INSTRUCTIONS FOR THE TASK.
Your answer must be an exact copy of the entries, containing no images.

STUDY MATERIAL.

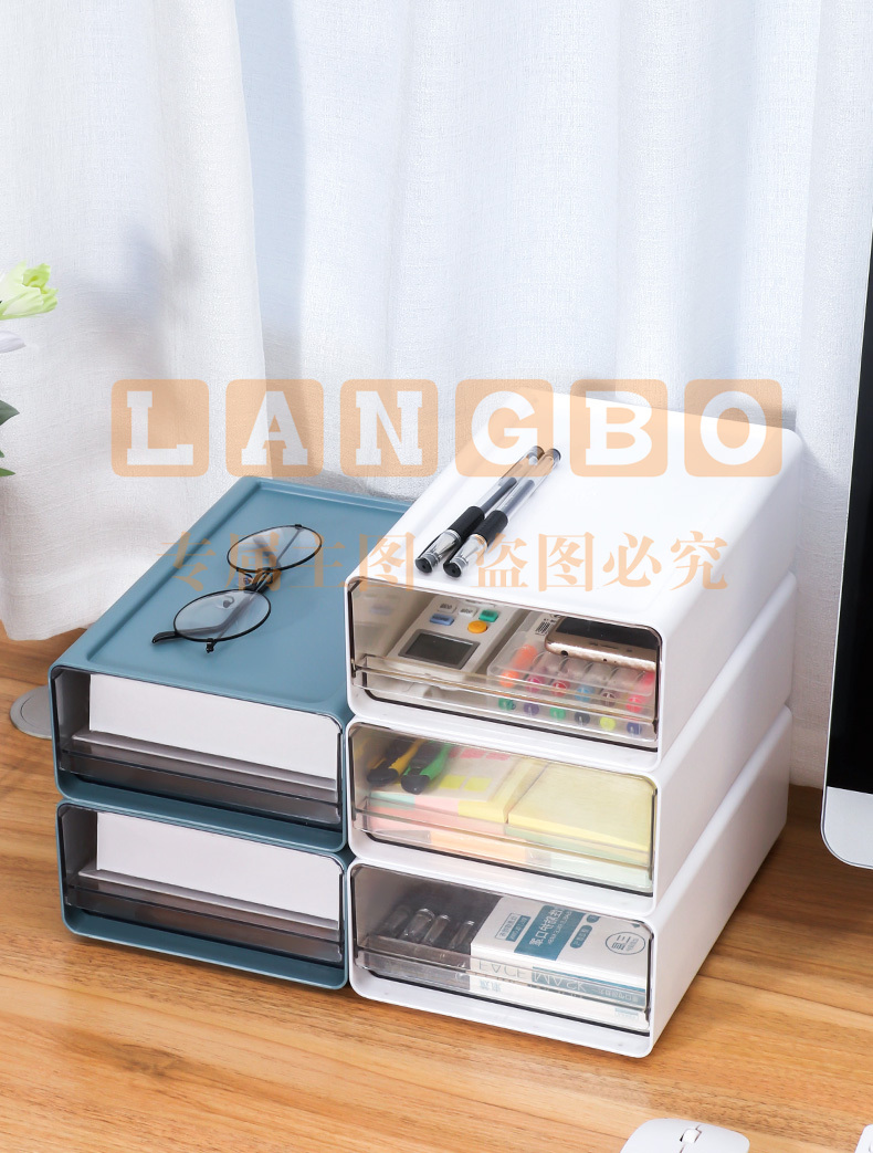 金隆兴2575 桌面收纳盒抽屉收纳书桌办公桌文件收纳整理盒化妆品 中号3个装
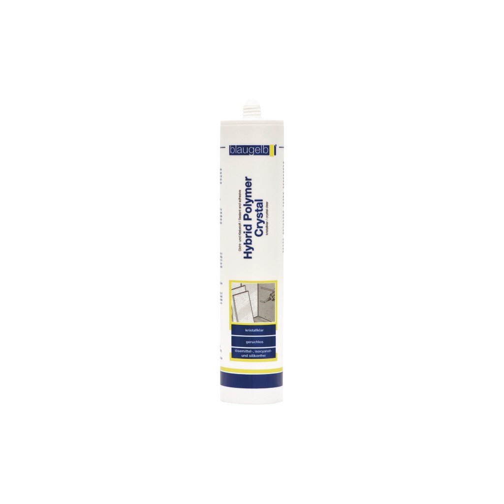 Vďaka svojej vysokej transparentnosti je hybridný polymér Crystal blaugelb ideálny na lepenie skla alebo skiel s vysokým stupňom transparentnosti. Je ideálny na sklo v interiéri, ale aj na rôzne iné aplikácie (nie je to tmel na sklo). Hybrid Polymer Crystal blaugelb je odolný voči vode a poveternostným vplyvom, ako aj mnohým chemikáliám.
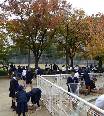 少し前になりますが「大阪市クリーンUP作戦」として、低学年は西船場公園を、中学年は花乃井公園を、高学年は江戸堀公園を清掃しました。
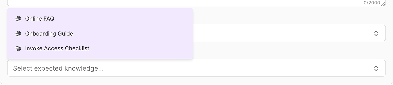 Expected knowledge - which internal knowledge sources must be referenced (for example: onboarding guides, policy checklists, FAQs)
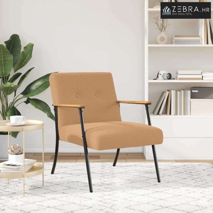 Baršunasti materijal: Fotelja ima ugodnu teksturu koja izgleda kao vunasta tkanina, dodajući luksuz i udobnost.

YOUR RESPONSE.
 金隆兴2575 桌面收纳盒抽屉收纳书桌办公桌文件收纳整理盒化妆品 中号3个装
 Vďaka svojej vysokej transparentnosti je hybridný polymér Crystal blaugelb ideálny na lepenie skla alebo skiel s vysokým stupňom transparentnosti. Je ideálny na sklo v interiéri, ale aj na rôzne iné aplikácie (nie je to tmel na sklo). Hybrid Polymer Crystal blaugelb je odolný voči vode a poveternostným vplyvom, ako aj mnohým chemikáliám.
 少し前になりますが「大阪市クリーンUP作戦」として、低学年は西船場公園を、中学年は花乃井公園を、高学年は江戸堀公園を清掃しました。
 Expected knowledge - which internal knowledge sources must be referenced (for example: onboarding guides, policy checklists, FAQs)
 Baršunasti materijal: Fotelja ima ugodnu teksturu koja izgleda kao vunasta tkanina, dodajući luksuz i udobnost.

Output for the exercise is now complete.